List of reference numerals:
1:            Tension lock
2:            Tension lever
3A, 3B:       Component
4:            Handle element
5A, 5B:       Fastening element
6A, 6B:       Locking hook
7A, 7B:       Assembly stand
8A, 8B:       Spring element
9:            Articulated rocker
9′, 9″:       End (of the articulated rocker 9)
10, 10′, 10″: Receptacle
11:           Projection
12:           Recess
13A, 13B:     Cut-out
α1, α2:       Tension lever angle
d:            Thickness (of the components 3A, 3B)
K:            Circular path
L2:           Longitudinal axis (of the tension lever 2)
L9:           Longitudinal axis (of the articulated rocker 9)
M:            Centre (of the circular path K)

Claims

1. A tension lock for assembly without tools on two components to be connected to one another, comprising:

a first fastening element for connecting the tension lock to the first component,

a second fastening element for connecting the tension lock to the second component, and

a tension lever for actuating the tension lock, wherein the tension lever is movably connected to at least one of the two fastening elements, wherein the first fastening element and/or the second fastening element has at least one connecting means for creating an, in particular positive-locking, connection, which can be assembled without tools, with a cut-out provided in the component, wherein at least one connecting means is designed as a locking book, and wherein at least on connecting means is designed as a mounting block with a spring element, wherein each fastening element has a locking hook and a mounting block with a spring element and in that the locking hook and the block with spring element are arranged on opposite sides and in opposite directions to one another for fixing the fastening elements in their position on two opposite sides of the cutouts respectively.

2. (canceled)

3. (canceled)

4. The tension lock according to claim 1 wherein

an articulated rocker which is rotatably connected to the tension lever with its first end and which is rotatably connected to one of the two fastening elements with its second end.

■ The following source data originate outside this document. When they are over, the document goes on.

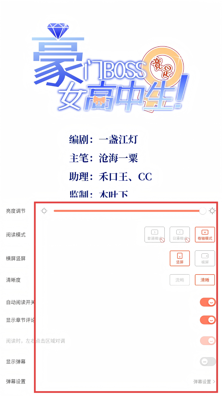 4、还可通过设置调整【亮度调节】等,选【卷轴模式】等画质,还能开关自动阅读、弹幕等,定制专属阅读体验哦。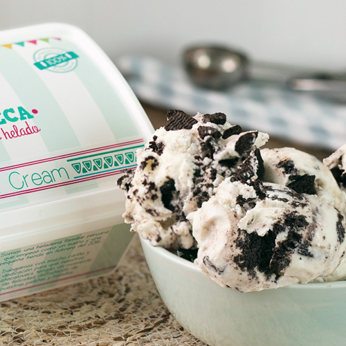 Helado de crema estilo italiano con topping de galleta Oreo.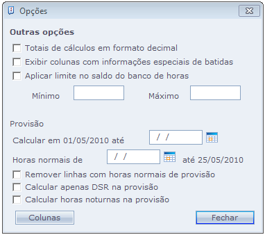 Horas normais de ... até <data>: Período que será feita a provisão de cálculo.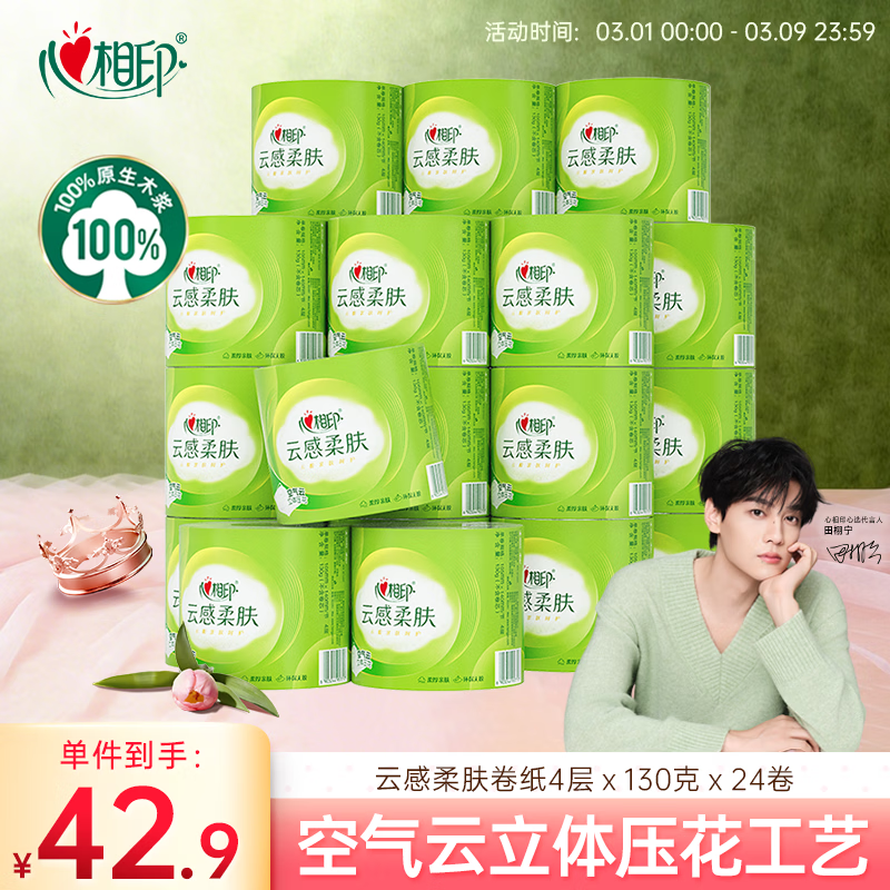 心相印【田栩宁推荐】有芯卷纸云感柔肤4层130克*24卷 加厚卷筒纸

5. The tension lock according to claim 4, wherein

the tension lever and/or one of the two fastening elements have a receptacle for rotatable mounting of one of the ends of the articulated rocker.

6. The tension lock according to (Currently Amended) The tension lock according to claim 5, wherein

the tension lever has a projection and in that one of the two components has a recess such that the projection can be inserted into the recess to create a detachable connection.

7. The tension lock according to claim 5, wherein

the tension lever has at least one handle element.

8. The tension lock according to claim 6, wherein

the tension lock is manufactured from plastic and/or metal.

9. The system for assembly of a tension lock without tools on two components to be connected to one another, comprising:

a tension lock according to claim 8, and

two components to be connected to one another, wherein the two components each have a cut-out.

10. The system according to claim 9, wherein

the two components are manufactured from metal sheet and the cut-outs are approximately rectangular.